[Saved entries]
▼▼▼
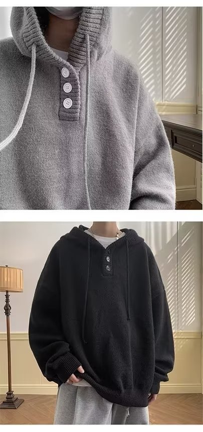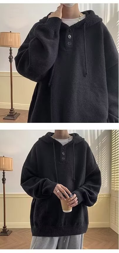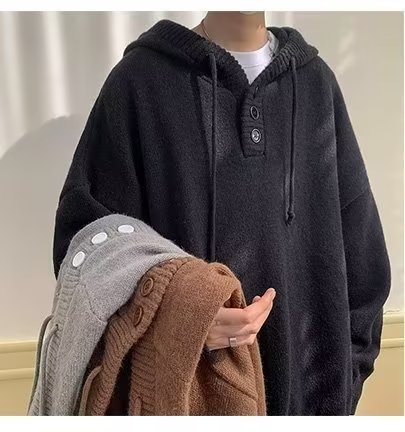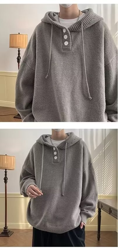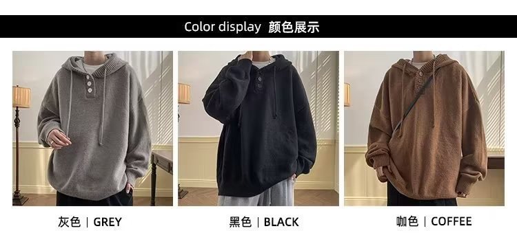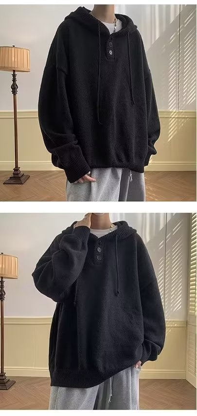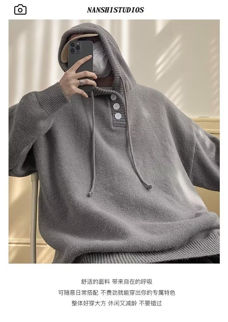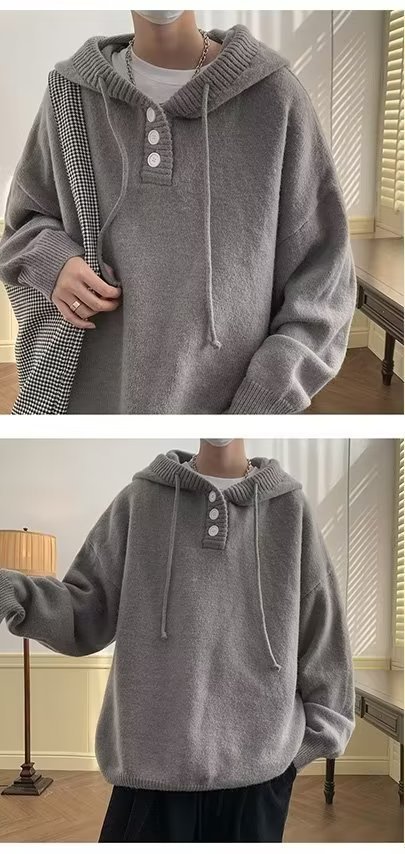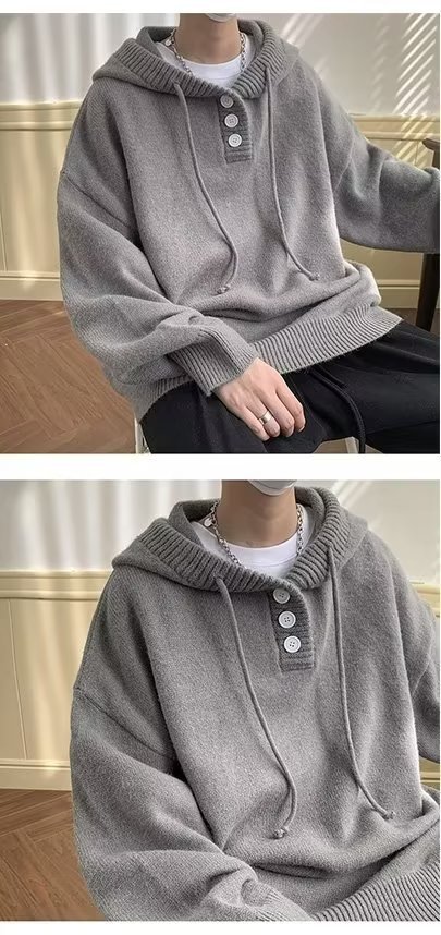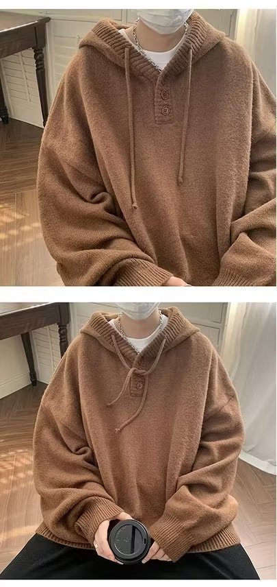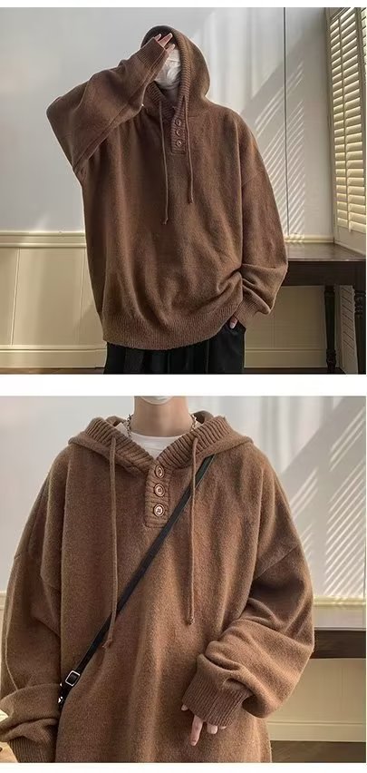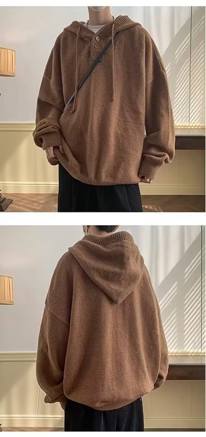 후드 스웨터 남성 봄과 가을 일본 스타일 레트로 게으른 코트 트렌디 패션 모자 스웨터 헤비
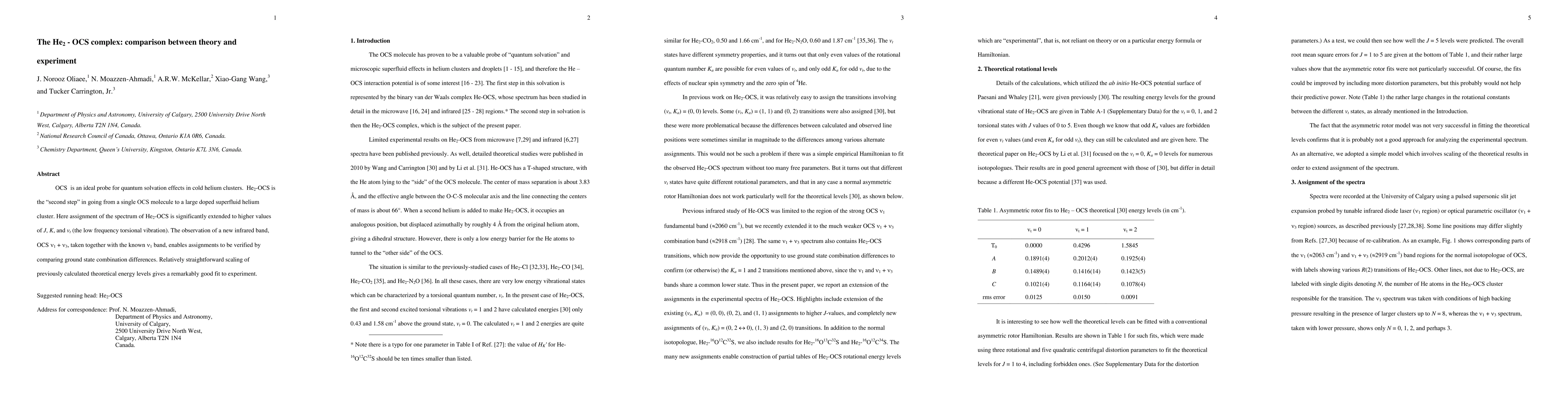 Researchers assigned a new infrared band to He2-OCS, extending its spectrum beyond previously known values of J, K, and vt. This assignment was verified through comparison with theoretical energy levels, providing a remarkably good fit to the experiment.
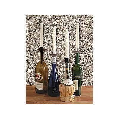 Turn empty wine bottles into distinctive candelabras! These pretty candle holders fit easily into wine bottles and provide a unique way to display your taper candles. Rubber rings ensure a secure fit. Made of cast aluminum with a matte bronze finish. Read more...
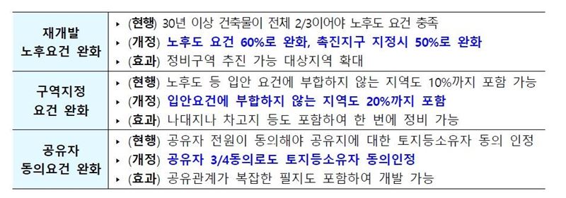 재개발 노후도 요건 완화 내용. 국토교통부 제공
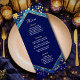 Set Sie mit diesem Chic Celestial Starry Night Blue Wedding Menu. Dieses Menü mit seinem tiefblauen Hintergrund, der mit funkelnden Sternen und himmlischen Akzenten geschmückt ist, verströmt nächtliche Eleganz und Romantik. Die zarte, moderne Typografie präsentiert jeden Platz in einem klaren, stilvollen Layout und macht ihn sowohl funktional als auch schön. Dieses Menü eignet sich perfekt für mondbeleuchtete Empfänge oder Feiern mit Sternenhimmel und verleiht der Tischdekoration eine raffinierte himmlische Touch.
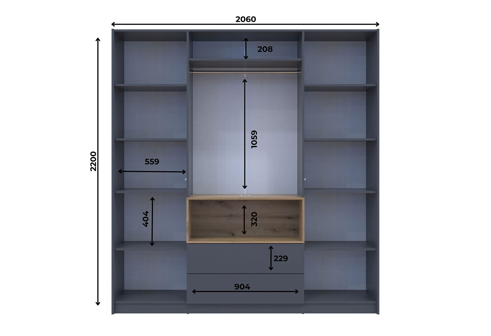 Skříň čtyřdveřová Dale 206x52x220 cm grafit / dub evoke Vystavený kus
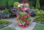 Клумбы представляют собой вертикальные сооружения, наполненные почвой. Цветы на таких конструкциях превосходно растут, они поглощают максимальное количество солнечного света, а нестандартное решение придает участку оригинальности и изысканности. Дизайнеры предлагают выращивать на таких клумбах не только декоративные растения, но и вьющиеся плодоносящие, и зелень. Клумбы бывают самых различных форм: пирамидальные, конусные, трапециевидные.
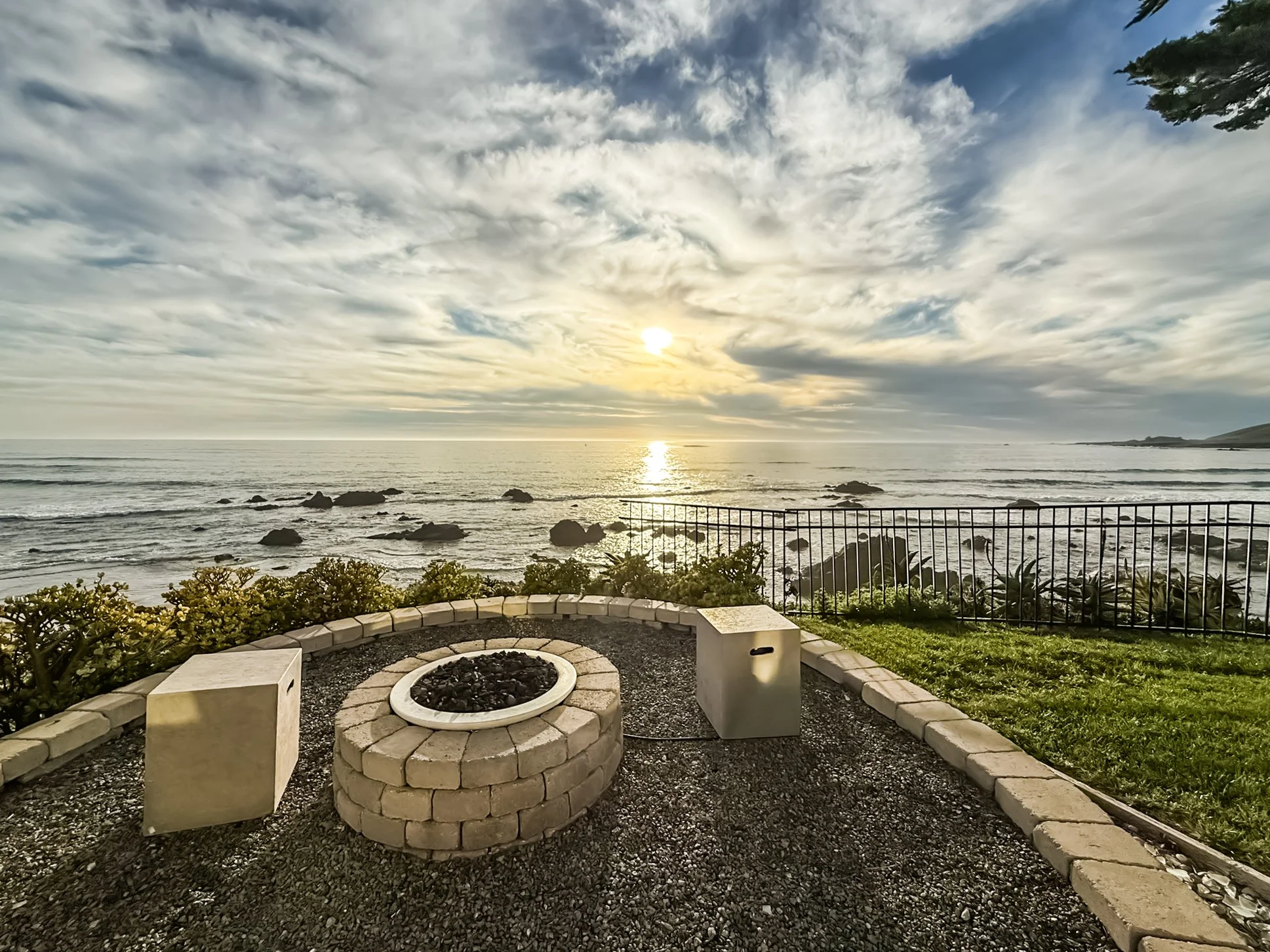 Fire pit and private lawn on the outdoor veranda for unobstructed sunsets. Dine outdoors or just relax in the sun.
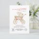 Este convite para o chá de fraldas apresenta uma carruagem de bebês inspirada em vintage, enfeitada com verde festivo e flores vermelhas, criando uma sensação de feriado acolhedora. A frase "um pouco de feliz está a caminho" é escrita num encantador roteiro vermelho no topo, definindo um tom alegre. Perfeito para uma comemoração de dezembro, este design combina calor e sofisticação lindamente
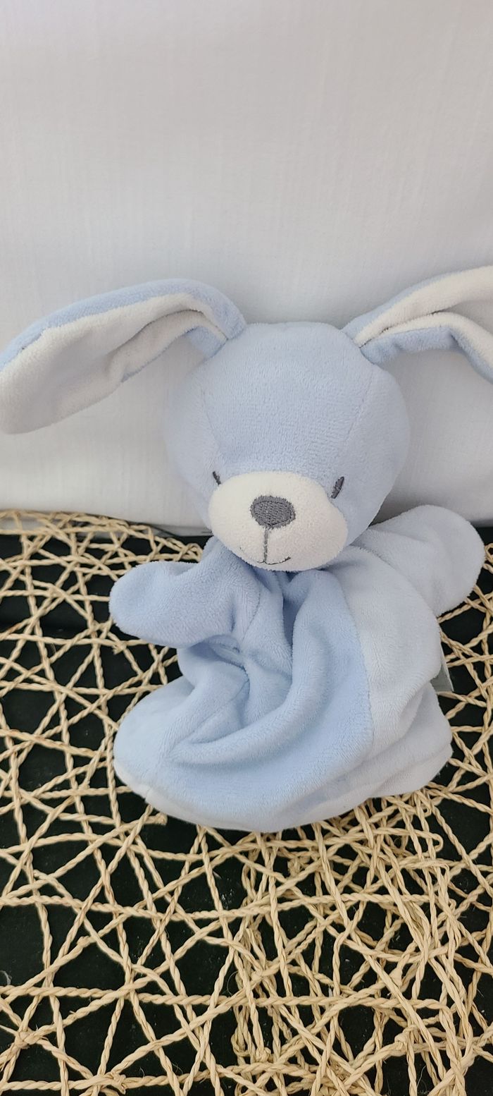 Doudou marionnette lapin MES PETITS CAILLOUX bleu - photo numéro 1
▲▲▲
- _About this task_
Could you output every record above exactly as written, leaving out the pictures?

- _Completed exercise_
 후드 스웨터 남성 봄과 가을 일본 스타일 레트로 게으른 코트 트렌디 패션 모자 스웨터 헤비
 Researchers assigned a new infrared band to He2-OCS, extending its spectrum beyond previously known values of J, K, and vt. This assignment was verified through comparison with theoretical energy levels, providing a remarkably good fit to the experiment.
 Turn empty wine bottles into distinctive candelabras! These pretty candle holders fit easily into wine bottles and provide a unique way to display your taper candles. Rubber rings ensure a secure fit. Made of cast aluminum with a matte bronze finish. Read more...
 재개발 노후도 요건 완화 내용. 국토교통부 제공
 Set Sie mit diesem Chic Celestial Starry Night Blue Wedding Menu. Dieses Menü mit seinem tiefblauen Hintergrund, der mit funkelnden Sternen und himmlischen Akzenten geschmückt ist, verströmt nächtliche Eleganz und Romantik. Die zarte, moderne Typografie präsentiert jeden Platz in einem klaren, stilvollen Layout und macht ihn sowohl funktional als auch schön. Dieses Menü eignet sich perfekt für mondbeleuchtete Empfänge oder Feiern mit Sternenhimmel und verleiht der Tischdekoration eine raffinierte himmlische Touch.
 Skříň čtyřdveřová Dale 206x52x220 cm grafit / dub evoke Vystavený kus
 Клумбы представляют собой вертикальные сооружения, наполненные почвой. Цветы на таких конструкциях превосходно растут, они поглощают максимальное количество солнечного света, а нестандартное решение придает участку оригинальности и изысканности. Дизайнеры предлагают выращивать на таких клумбах не только декоративные растения, но и вьющиеся плодоносящие, и зелень. Клумбы бывают самых различных форм: пирамидальные, конусные, трапециевидные.
 Fire pit and private lawn on the outdoor veranda for unobstructed sunsets. Dine outdoors or just relax in the sun.
 Este convite para o chá de fraldas apresenta uma carruagem de bebês inspirada em vintage, enfeitada com verde festivo e flores vermelhas, criando uma sensação de feriado acolhedora. A frase "um pouco de feliz está a caminho" é escrita num encantador roteiro vermelho no topo, definindo um tom alegre. Perfeito para uma comemoração de dezembro, este design combina calor e sofisticação lindamente
 Doudou marionnette lapin MES PETITS CAILLOUX bleu - photo numéro 1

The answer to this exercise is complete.